Parallel programming started in the mid-60’s with the pioneering work of Karp and Miller, David Kuck, Jack Dennis and others, and as a discipline, it is now 50 years old. What have we learned in the past 50 years about parallel programming? What problems have we solved and what problems remain to be solved? What can young researchers learn from the successes and failures of our discipline? This talk is a personal point of view about these and other questions regarding the state of parallel programming.

* The subtitle of the talk is borrowed from the title of a screenplay by Alberto Moravia, and it is Italian for “Yesterday, Today, Tomorrow.”

Biography

pingaliKeshav Pingali is a Professor in the Department of Computer Science at the University of Texas at Austin, and he holds the W.A.”Tex” Moncrief Chair of Computing in the Institute for Computational Engineering and Sciences (ICES) at UT Austin.

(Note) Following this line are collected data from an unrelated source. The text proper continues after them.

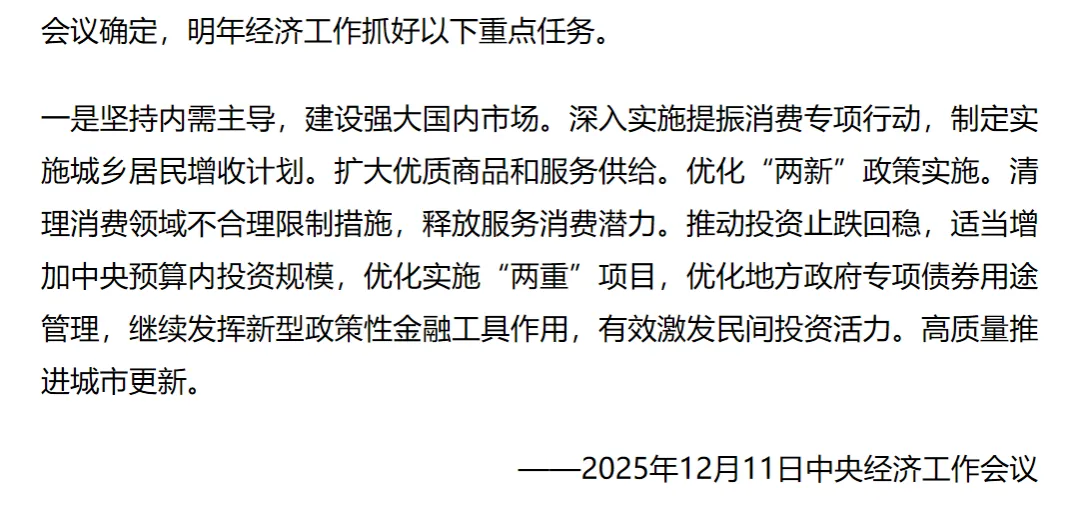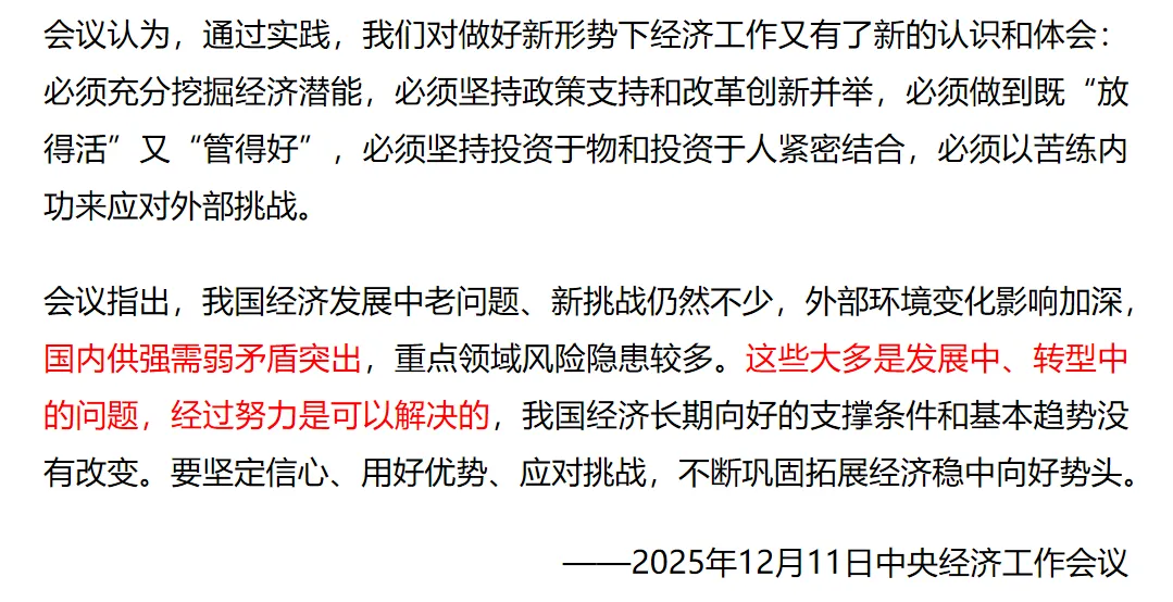 在这一连串动作之后,到了25年12月的最高层会议时,语调和方向就有了新的表述,对外部环境的表述,已经从之前的“动荡不安”(22年12月),“复杂性、严峻性、不确定性上升”(23年12月),转变为相对比较中性的“变化影响加深”(25年12月)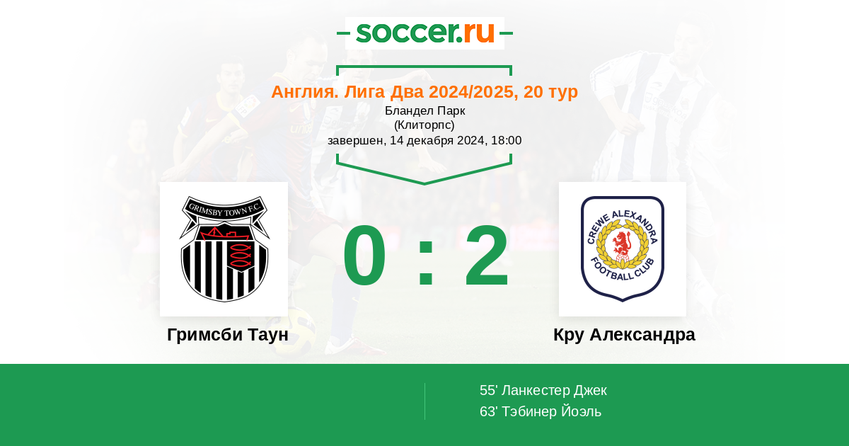 55' (0:1) Ланкестер Джек (14) (Сандерс Макс (6))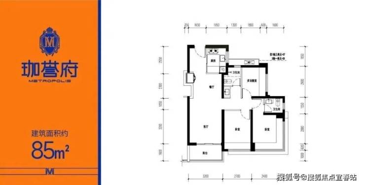 | 约85㎡(横厅)三房两厅两卫【总价约415-455万】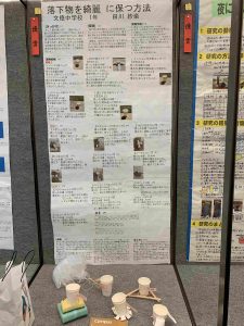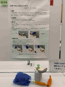12月20日(土)~21日(日)グランメッセ熊本で第60回熊本県発明工夫展が行われ、3年生(3J)の迫川さんが出品しています。作品名は「片手でキレイキレイver.2」です。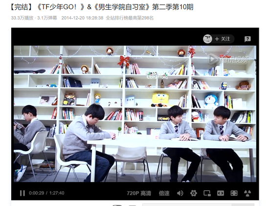 在练习生们的成长过程中,公司在对其进行训练的同时,会不断放出物料,对粉丝汇报。时代峰峻在B站认证的账号“TF家族”,在2014年发布第一支视频物料《男生学院自习室》开始,而截至发稿前,TF家族这个账号的投稿数量达到845个。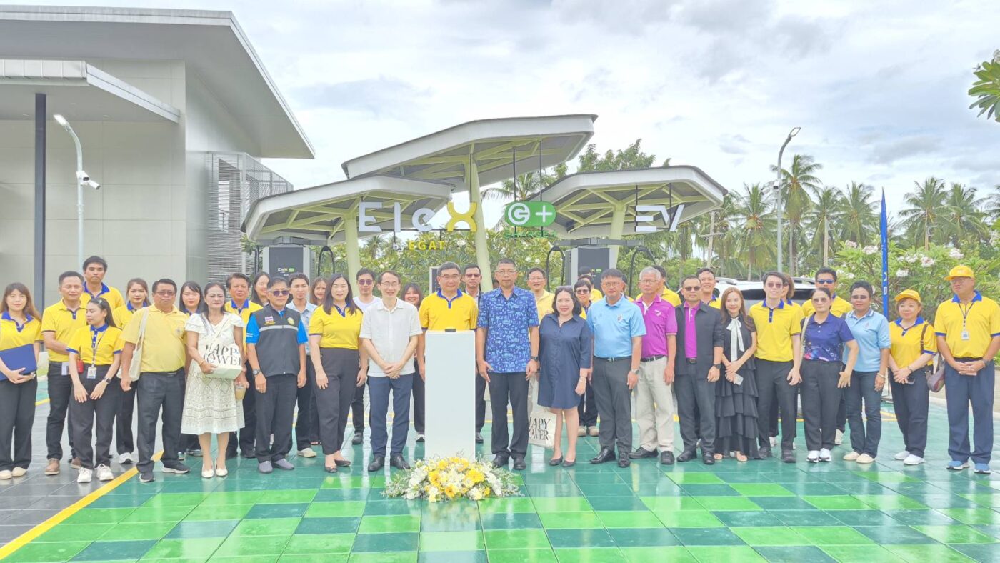 วันที่ 26 กันยายน 2568 นายเมธาวัจน์ พงศ์รดาภิรมย์ รองผู้ว่าการธุรกิจเกี่ยวเนื่อง (รวธ.) การไฟฟ้าฝ่ายผลิตแห่งประเทศไทย เป็นประธานในพิธีเปิดสถานีชาร์จ EleX by EGAT ณ ศูนย์การเรียนรู้ กฟผ. ทับสะแก Green Charging Station จังหวัดประจวบคีรีขันธ์ ซึ่งได้ร่วมกับพันธมิตรสร้างเป็นสถานีชาร์จต้นแบบจากวัสดุที่เป็นมิตรต่อสิ่งแวดล้อม โดยได้รับเกียรติจาก นายปรีดา สุขใจ รองผู้ว่าราชการจังหวัดประจวบคีรีขันธ์ พร้อมด้วย Mr.Goh Chee Kiong ประธานเจ้าหน้าที่บริหาร บริษัท ชาร์จพลัส อิเล็กทริค (ประเทศไทย) จำกัด (Charge+) นายนพดล สรวงประเสริฐ พลังงานจังหวัดประจวบคีรีขันธ์ คุณณิศรา ธัมมะปาละ ผู้อำนวยการฝ่ายจัดการธุรกิจนวัตกรรมพลังงาน กฟผ.นายภูศเดช ภัคดีพันธ์ ผจก.การไฟฟ้าส่วนภูมิภาคอำเภอทับสะแก นายสายชล ชนะภัย รองนายกอบต.นาหูกวาง นายภัทรดนัย สมศรี รองประธานชมรมกำนันผู้ใหญ่บ้านอำเภอทับสะแก นางพิมลรรณ วงศ์ทิม ประธานชมรมครูอำเภอทับสะแก นายมหยศ โกศิน หัวหน้าศูนย์การเรียนรู้ กฟผ.ทับสะแก นายพนม ปัถวี หัวหน้าแผนกโรงไฟฟ้าทับสะแก และหน่วยงานพันธมิตรเข้าร่วมพิธี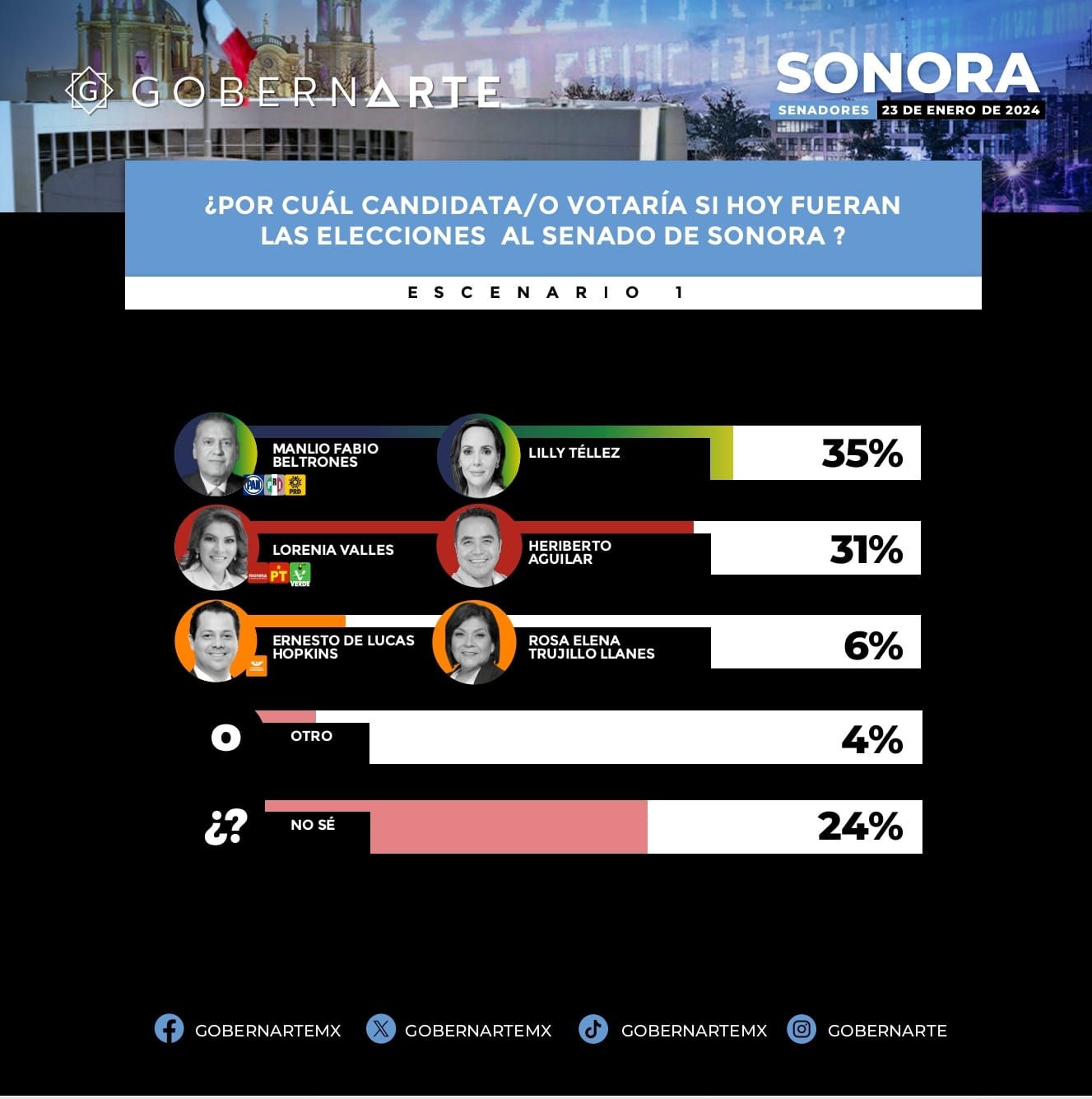 Hermosillo, Sonora. 24 de enero de 2024. Con una aprobación del 35%, la fórmula de la coalición ‘Fuerza y Corazón por Sonora’ para el Senado de la República que conforman Manlio Fabio Beltrones y Lilly Téllez, se posicionan como los favorecidos por las y los sonorenses para las elecciones del próximo 2 de junio.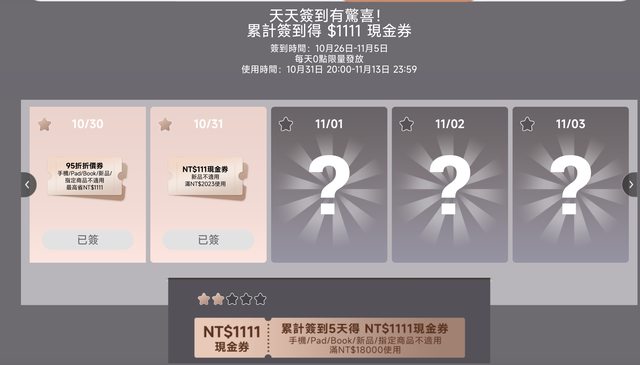 領券活動26號就開始了到11/5連續簽到五天可以領1111現金券 https://i.imgur.com/G0tzL2t.png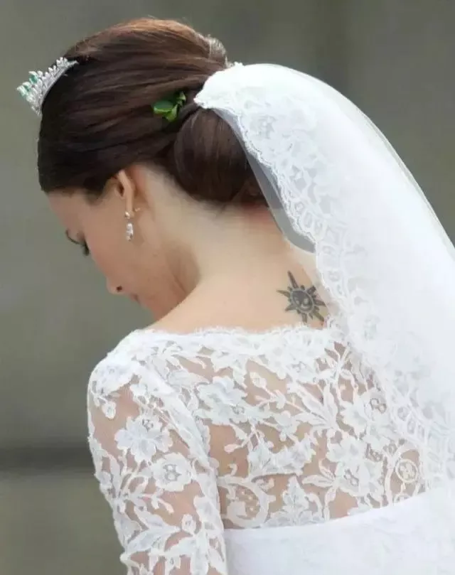 婚礼当天,穿着婚纱的索菲亚展示了后背上的醒目纹身,似乎想要告诉众人,她没觉得自己的过去有什么不光彩,无需洗白。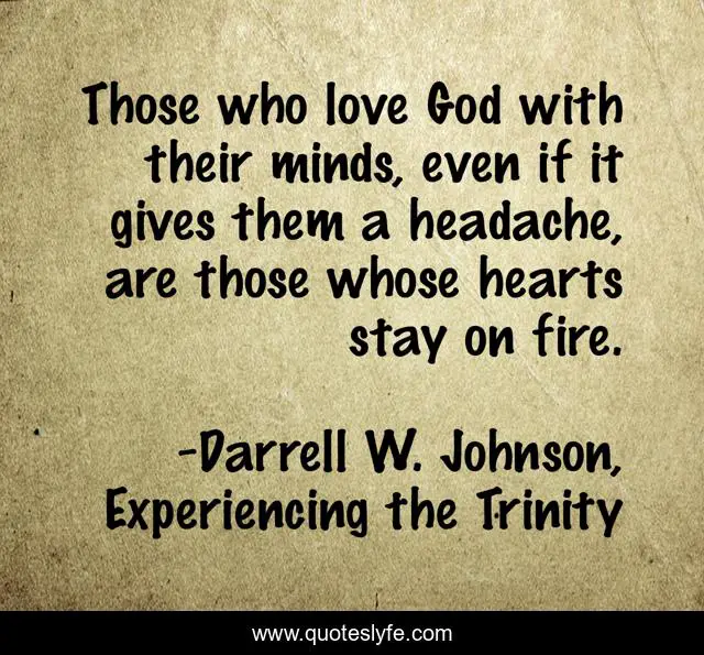 This page presents the quote "Those who love God with their minds, even if it gives them a headache, are those whose hearts stay on fire.". Author of this quote is Darrell W. Johnson, Experiencing the Trinity. This quote is about love-god, theology,.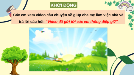 Các em xem video câu chuyện về giúp cha mẹ làm việc nhà và

Pingali is a Fellow of the IEEE, ACM and AAAS. He was the co-Editor-in-chief of the ACM Transactions on Programming Languages and Systems, and currently serves on the editorial boards of the ACM Transactions on Parallel Computing, the International Journal of Parallel Programming and Distributed Computing. He has also served on the NSF CISE Advisory Committee (2009-2012).

Mar
16
Wed
2016
CGO Best Paper Award and Keynote – Avinash Sodani
Mar 16 @ 8:30 am – 9:30 am

Knights Landing Intel Xeon Phi CPU: Path to Parallelism with General Purpose Programming

The demand for high performance will continue to skyrocket in the future, fueled by the drive to solve the challenging problems in scientific world and to provide the horsepower needed to support the compute-hungry use cases that continue to emerge in commercial and consumer space, such as machine learning and deep data analytics. Exploiting parallelism will be crucial in achieving the huge performance gain required to solve these problems. This talk will present the new Xeon Phi Processor, called Knights Landing, which is architected to provide massive amounts of parallelism in a manner that is accessible with general purpose programming. The talk will provide insights into 1) the important architecture features of the processor and 2) the software technology to explore them. It will provide the inside story on the various architecture decisions made on Knights Landing – why we architected the processor the way we did, and on a few programming experience – how the general purpose programming model makes it easy to exploit parallelism on Xeon Phi. It will show measured performance numbers from the Knights Landing silicon on a range of workloads. The talk will conclude with showing the historical trends in architecture and what they mean for software as we extend the trends into the future.

Biography

sodaniAvinash Sodani is a Senior Principal Engineer at Intel Corporation and the chief architect of the Xeon-Phi Processor called Knights Landing. He specializes in the field of High Performance Computing (HPC). Previously, he was one of the architects of the 1st generation Core processor, called Nehalem, which has served as a foundation for today’s line of Intel Core processors. Avinash is a recognized expert in computer architecture and has been invited to deliver several keynotes and public talks on topics related to HPC and future of computing. Avinash holds over 20 US Patents and is known for seminal work on the concept of “Dynamic Instruction Reuse”.  He has a PhD and MS in Computer Science from University of Wisconsin-Madison and a B.Tech (Hon’s) in Computer Science from Indian Institute of Technology, Kharagpur in India.